» Stored data
───
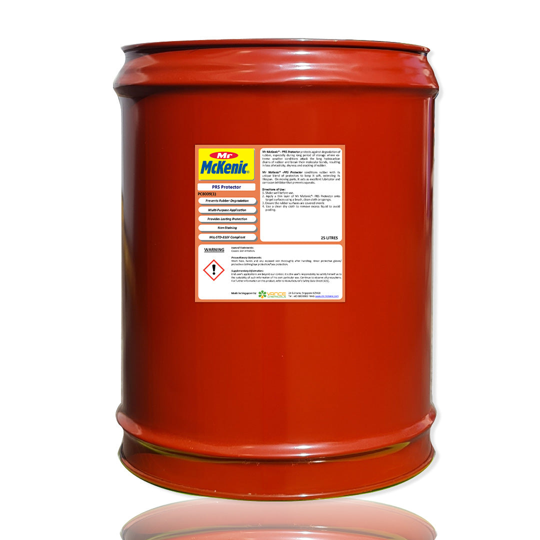 Mr McKenic® -PRS Protector conditions rubber with its unique blend of protectors to keep it soft, extending its lifespan. On moving parts, it acts as excellent lubricator and corrosion inhibitor that prevents squeaks.
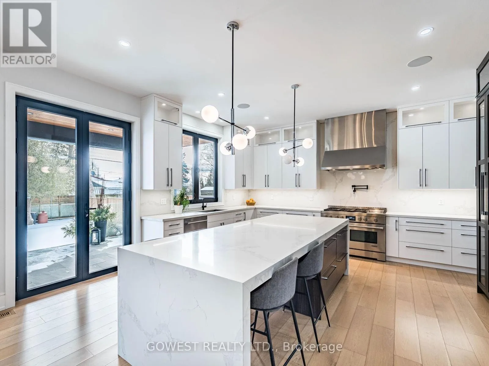 Welcome to custom luxury residence, located in the highly desirable Mineola neighborhood. This Home is a masterpiece of architectural innovation & modern luxury. 19 Ft Ceiling Foyer w/striking white oak staircase w/glass railings, sets the tone for the refined sophistication that flows throughout the home. High performance tripple-pane tilt & turn aluminum European windows flood the interior with natural
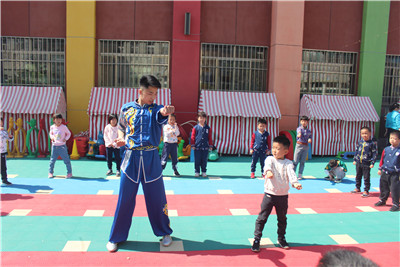 进入济南大学附属幼儿园后,园长向老师和同学们介绍了幼儿园孩子们的情况和注意事项,志愿者们纷纷表示将会以最大限度的调动孩子们的积极性并树立他们的自信心。他们与孩子们聊天、玩耍,并为孩子们献上了精彩的武术表演,高难度的武术动作赢得了孩子们的喝彩和掌声。他们手把手的教给孩子们简单的武术动作,在教授孩子们武术动作的同时也让孩子们了解到中国传统武术,引导孩子们初步接触和了解了中华武术传统文化,一方面可以使孩子们从小培养出以爱国主义为核心的尚武精神和武德情操;另一方面也可以加强学生们的安全防护教育,增强孩子们强身健体的意识,提高了锻炼身体的积极性,强身健体的同时还能培养孩子们的坚强意志品质,塑造完美的人格。
───
» What the exercise asks
Line by line, output the material above exactly, passing over the pictures.

» Problem solution
 Mr McKenic® -PRS Protector conditions rubber with its unique blend of protectors to keep it soft, extending its lifespan. On moving parts, it acts as excellent lubricator and corrosion inhibitor that prevents squeaks.
 Welcome to custom luxury residence, located in the highly desirable Mineola neighborhood. This Home is a masterpiece of architectural innovation & modern luxury. 19 Ft Ceiling Foyer w/striking white oak staircase w/glass railings, sets the tone for the refined sophistication that flows throughout the home. High performance tripple-pane tilt & turn aluminum European windows flood the interior with natural
 进入济南大学附属幼儿园后,园长向老师和同学们介绍了幼儿园孩子们的情况和注意事项,志愿者们纷纷表示将会以最大限度的调动孩子们的积极性并树立他们的自信心。他们与孩子们聊天、玩耍,并为孩子们献上了精彩的武术表演,高难度的武术动作赢得了孩子们的喝彩和掌声。他们手把手的教给孩子们简单的武术动作,在教授孩子们武术动作的同时也让孩子们了解到中国传统武术,引导孩子们初步接触和了解了中华武术传统文化,一方面可以使孩子们从小培养出以爱国主义为核心的尚武精神和武德情操;另一方面也可以加强学生们的安全防护教育,增强孩子们强身健体的意识,提高了锻炼身体的积极性,强身健体的同时还能培养孩子们的坚强意志品质,塑造完美的人格。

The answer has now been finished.